Sign Language Learner

Systematic Analysis of Transfer Learning for Sign Language Recognition

Lead Researcher

February 2024 - May 2024

Brennen Hill, Joseph Mostika, Mehul Maheshwari

Abstract

This project investigates computationally efficient and accurate models for static American Sign Language (ASL) alphabet recognition. Using the Sign Language MNIST dataset, we systematically explored the impact of model architecture, transfer learning strategies, and data augmentation on classification performance. We compare three experimental models based on the ResNet-50 architecture against a 97% accuracy baseline. Our primary contribution is the development of a lightweight, fine-tuned model (Model C) that achieves 99.5% test accuracy. This model, which utilizes a simplified classification head and single-channel (grayscale) inputs, not only surpasses the baseline but also proves significantly more efficient, reducing training time by over 57% compared to a more complex fine-tuning approach (Model B).


Introduction

Problem Statement

Effective communication is hindered by barriers between different modalities, such as spoken language and sign language. While millions rely on sign language, a significant portion of the global population does not understand it, creating an information gap. Machine learning models for sign language translation are a foundational component of assistive technologies that aim to bridge this divide. While comprehensive systems must interpret dynamic gestures (Li et al.), a critical first step is the robust and efficient classification of static signs, such as the letters of the alphabet.

Baseline and Objectives

Our work utilizes the Sign Language MNIST dataset from Kaggle, a common benchmark for static handshape recognition. The established baseline for this dataset is a custom Convolutional Neural Network (CNN) architecture (Sachinpatil1280) that reports a test accuracy of 97%.
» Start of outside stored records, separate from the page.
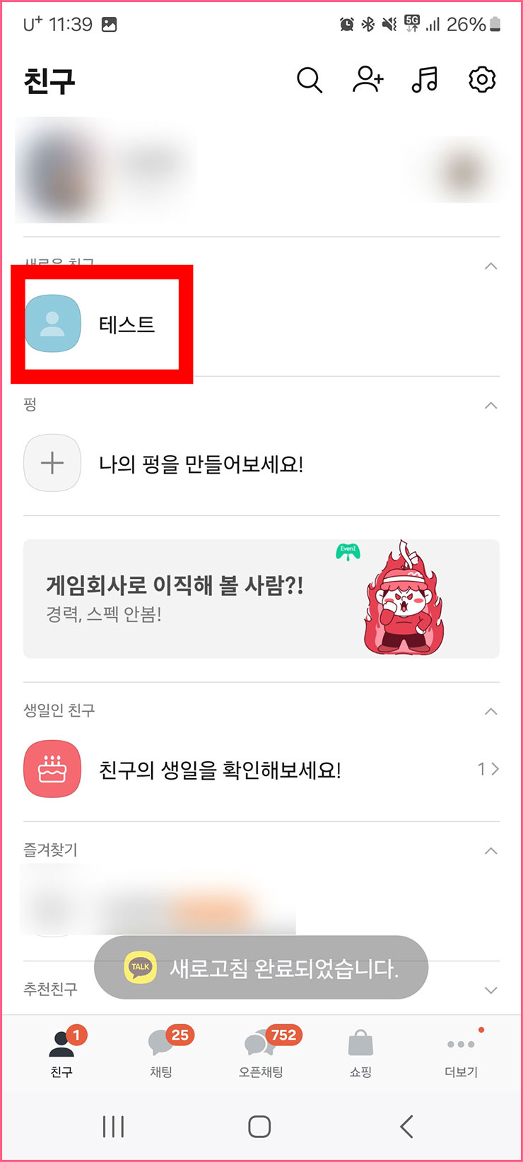 06. '새로운 친구' 자리에 새롭게 추가한 친구가 보일 겁니다. 이렇게 해서 전화번호를 통해서 카톡 친구 추가하는 법을 알아보았습니다. 두 번째 방법을 알아보겠습니다.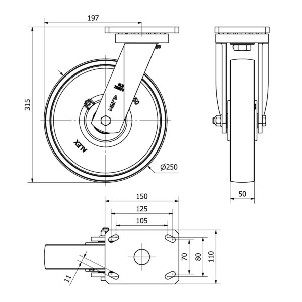 Rueda acero giratoria Alex diametro 250 mm. modelo 2-2303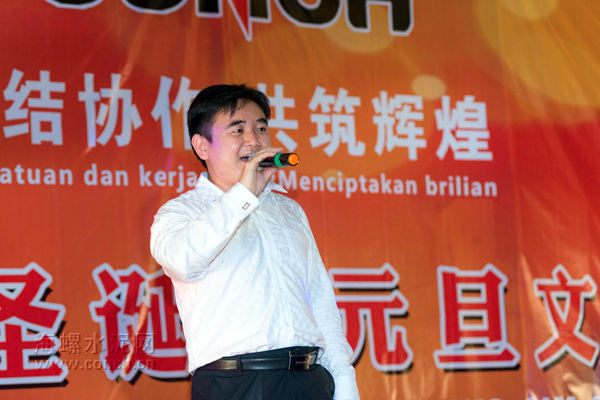 “你到我身邊,帶著微笑,流金的歲月,把你從遠(yuǎn)方帶到我的身旁”PT.SULENCO BOHUSAMI CEMENT公司董事長卓瑞瑞的一首《遲到》,在公司總經(jīng)理曾國華的即興伴舞下,把晚會氣氛推向一個新的高潮,掌聲、歡呼聲、吶喊聲,聲聲不絕,渲染了晚會歡樂的氣氛。
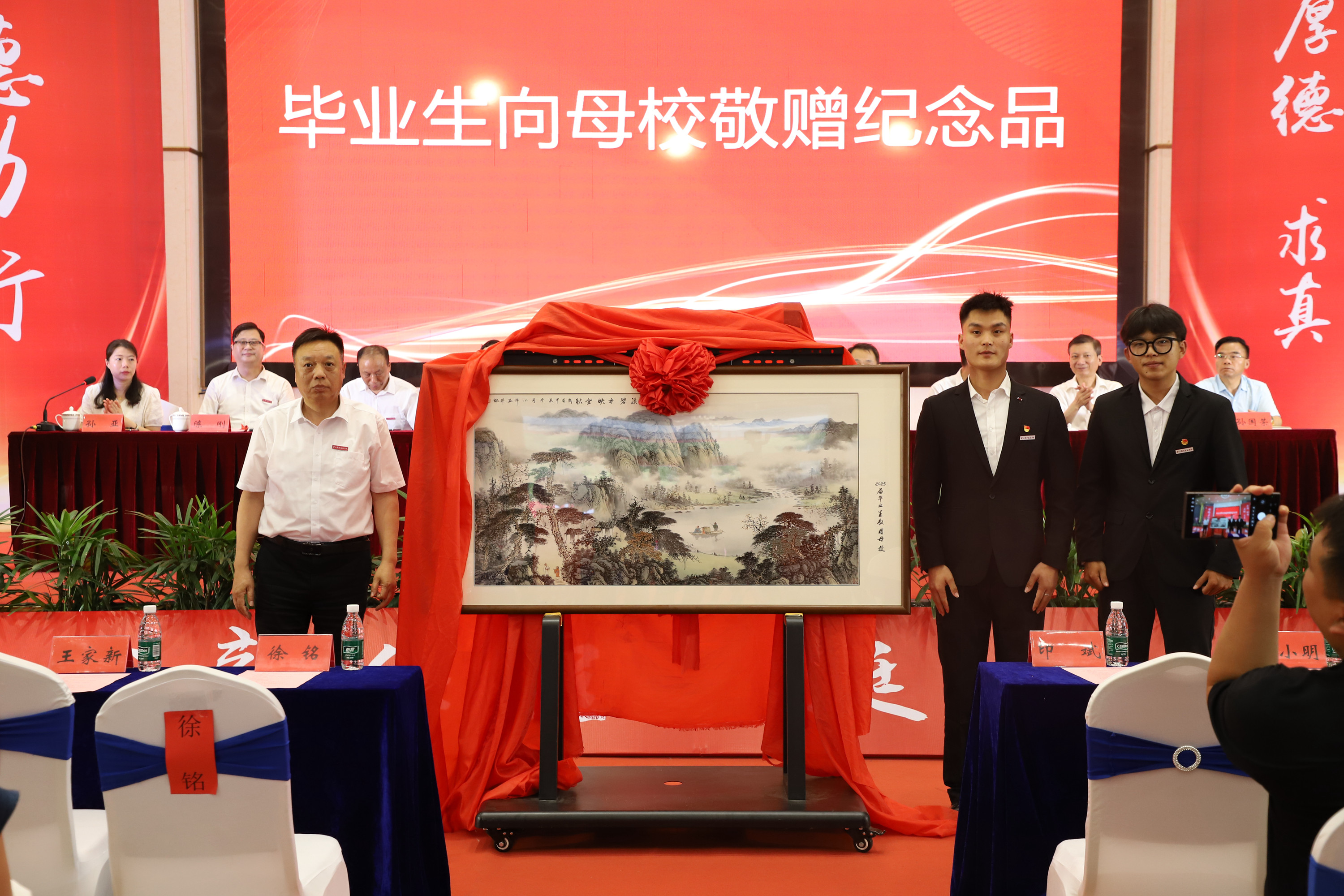 理事长印斌庄重地接过毕业生代表向母校敬赠的纪念品。这份礼物,承载着毕业生们对金山学院最深沉的眷恋与最美好的祝愿。

Our objective was not merely to surpass this accuracy but to conduct a systematic analysis of transfer learning strategies, specifically focusing on the trade-offs between model complexity, computational cost (training time), and classification accuracy.


Methodology

Dataset and Pre-processing

We used the Sign Language MNIST dataset, which contains 27,455 training and 7,172 test images. Each is a 28x28 grayscale image representing one of 24 static letters of the ASL alphabet; ‘J’ and ‘Z’ are excluded as they require motion.

To improve generalization and mitigate overfitting, we applied a standardized data augmentation pipeline using tf.keras.preprocessing.image.ImageDataGenerator:

  • Rotation Range: 10 degrees
  • Zoom Range: 0.1
  • Width/Height Shift Range: 0.1
  • Shear Range: 0.1
  • Horizontal Flip: True

Model Architectures and Experiments

We designed a series of three experiments (Models A, B, and C) all based on the ResNet-50 architecture, pre-trained on ImageNet.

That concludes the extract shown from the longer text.